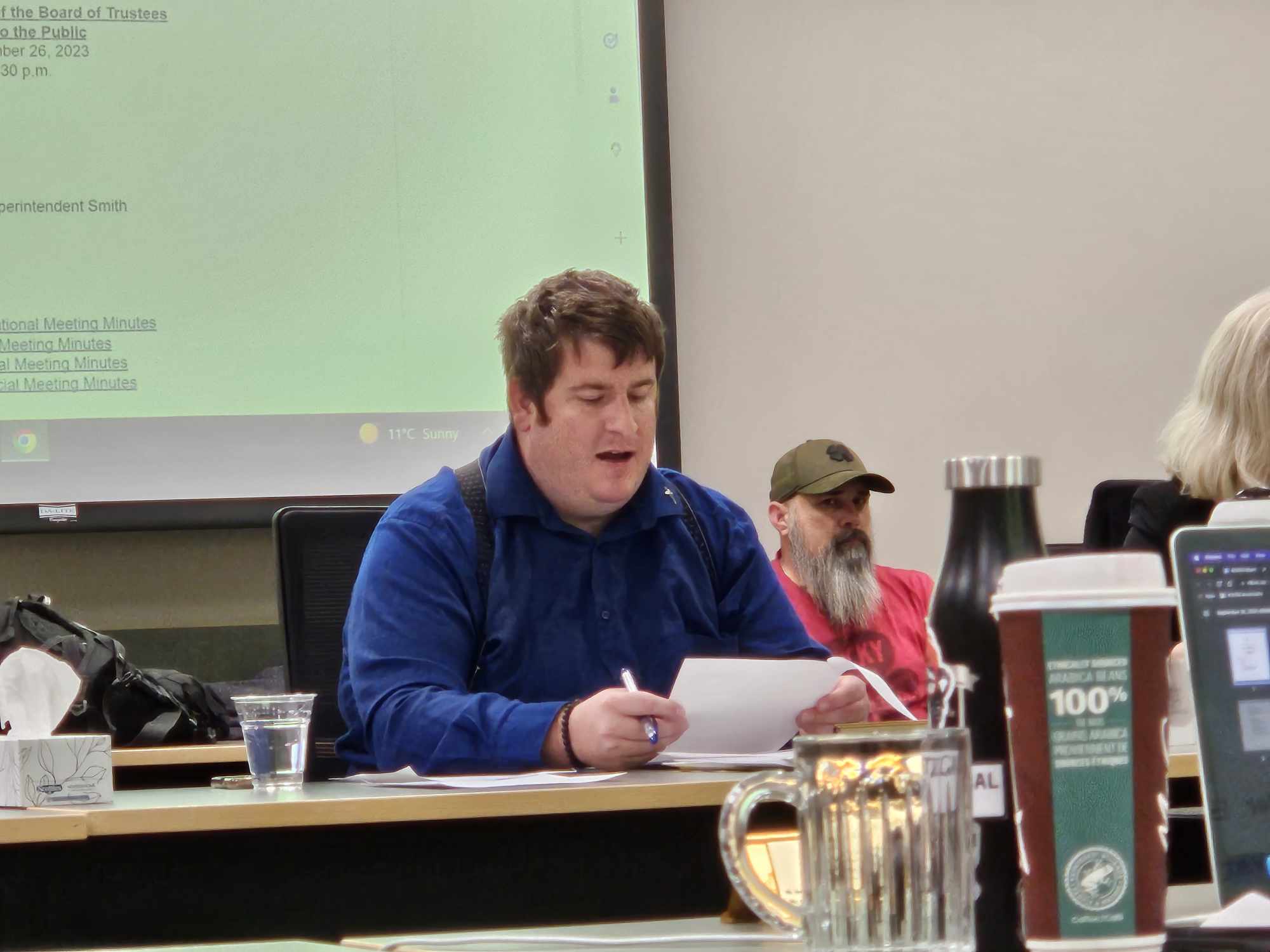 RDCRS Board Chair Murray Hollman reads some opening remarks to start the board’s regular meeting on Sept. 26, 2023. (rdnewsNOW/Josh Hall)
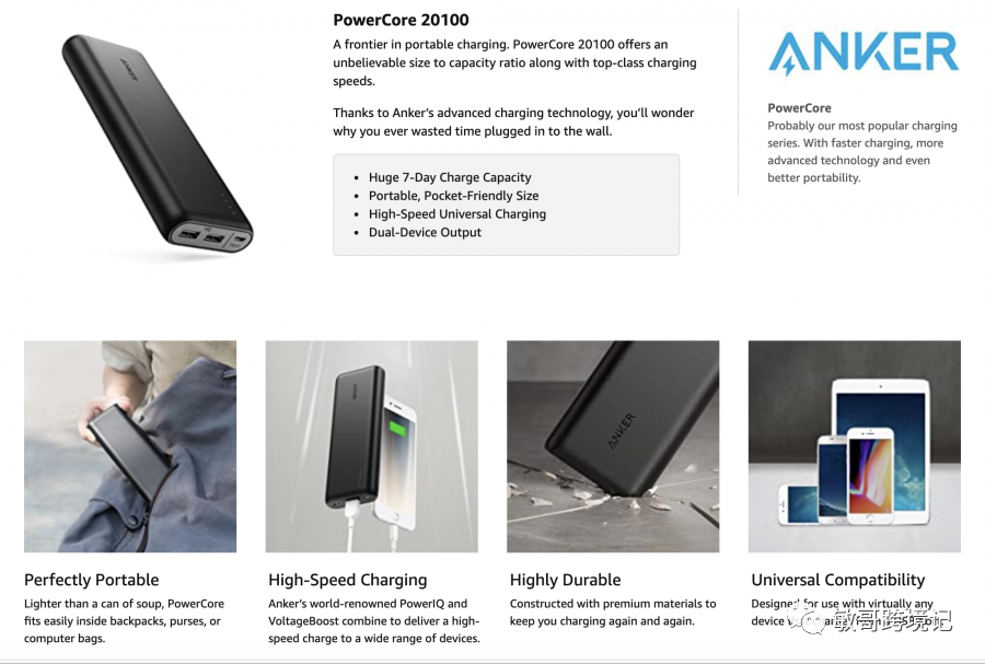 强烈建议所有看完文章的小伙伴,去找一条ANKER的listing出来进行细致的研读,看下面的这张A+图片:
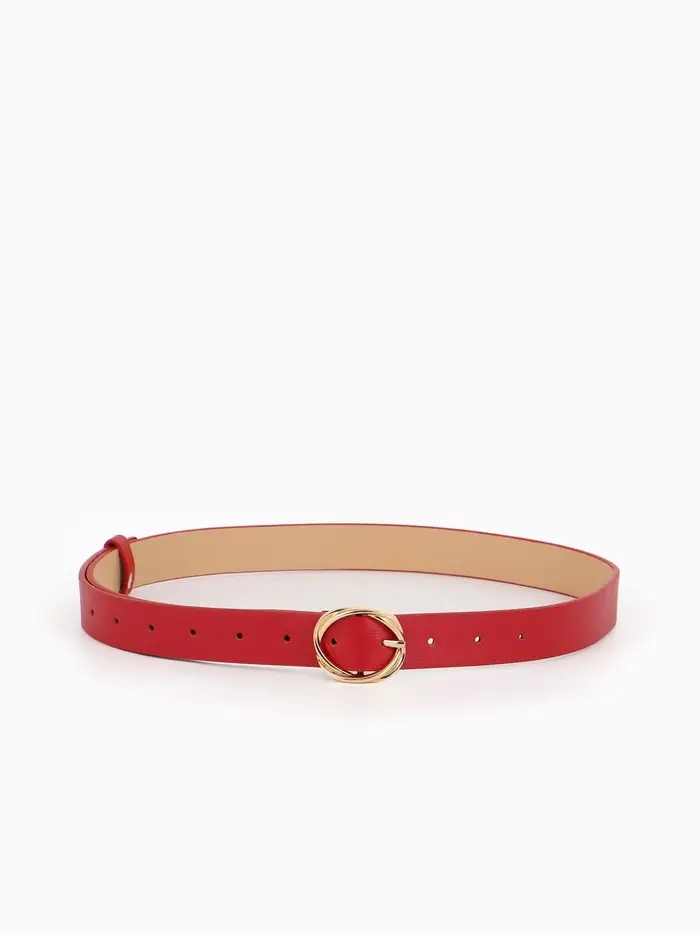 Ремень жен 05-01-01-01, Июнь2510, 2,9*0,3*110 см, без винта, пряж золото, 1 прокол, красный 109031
■ ■ ■
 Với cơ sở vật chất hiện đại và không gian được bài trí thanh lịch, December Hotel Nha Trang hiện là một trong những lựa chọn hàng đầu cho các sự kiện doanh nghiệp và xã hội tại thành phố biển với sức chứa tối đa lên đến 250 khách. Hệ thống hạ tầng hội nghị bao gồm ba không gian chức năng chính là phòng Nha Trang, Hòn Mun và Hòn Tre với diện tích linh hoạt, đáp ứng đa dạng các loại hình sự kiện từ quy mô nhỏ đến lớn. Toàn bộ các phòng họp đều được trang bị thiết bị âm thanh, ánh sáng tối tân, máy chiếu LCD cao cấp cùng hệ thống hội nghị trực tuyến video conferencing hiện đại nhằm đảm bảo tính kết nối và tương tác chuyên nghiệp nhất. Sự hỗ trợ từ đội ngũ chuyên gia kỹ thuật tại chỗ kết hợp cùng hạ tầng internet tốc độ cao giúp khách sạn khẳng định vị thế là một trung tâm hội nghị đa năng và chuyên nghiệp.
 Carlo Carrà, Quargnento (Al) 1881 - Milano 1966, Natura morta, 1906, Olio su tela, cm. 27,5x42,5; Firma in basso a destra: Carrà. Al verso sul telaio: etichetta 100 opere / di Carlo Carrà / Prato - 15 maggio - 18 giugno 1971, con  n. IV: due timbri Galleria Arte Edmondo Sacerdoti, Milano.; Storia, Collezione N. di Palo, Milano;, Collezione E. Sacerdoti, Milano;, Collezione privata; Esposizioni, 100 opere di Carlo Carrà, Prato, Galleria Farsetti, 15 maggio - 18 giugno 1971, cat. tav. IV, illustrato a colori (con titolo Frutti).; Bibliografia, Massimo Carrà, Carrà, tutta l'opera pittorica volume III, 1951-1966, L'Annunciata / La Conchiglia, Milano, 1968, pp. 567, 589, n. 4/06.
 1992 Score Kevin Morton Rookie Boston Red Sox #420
■ ■ ■
**Task to complete**: Starting at the line above that contains "RDCRS Board Chair", transcribe every line exactly through the line that contains "Ремень жен 05-01-01-01, Июнь2510, 2,9*0,3*110", including that last one, and skip the pictures.

**Response to this task**:
 RDCRS Board Chair Murray Hollman reads some opening remarks to start the board’s regular meeting on Sept. 26, 2023. (rdnewsNOW/Josh Hall)
 强烈建议所有看完文章的小伙伴,去找一条ANKER的listing出来进行细致的研读,看下面的这张A+图片:
 Ремень жен 05-01-01-01, Июнь2510, 2,9*0,3*110 см, без винта, пряж золото, 1 прокол, красный 109031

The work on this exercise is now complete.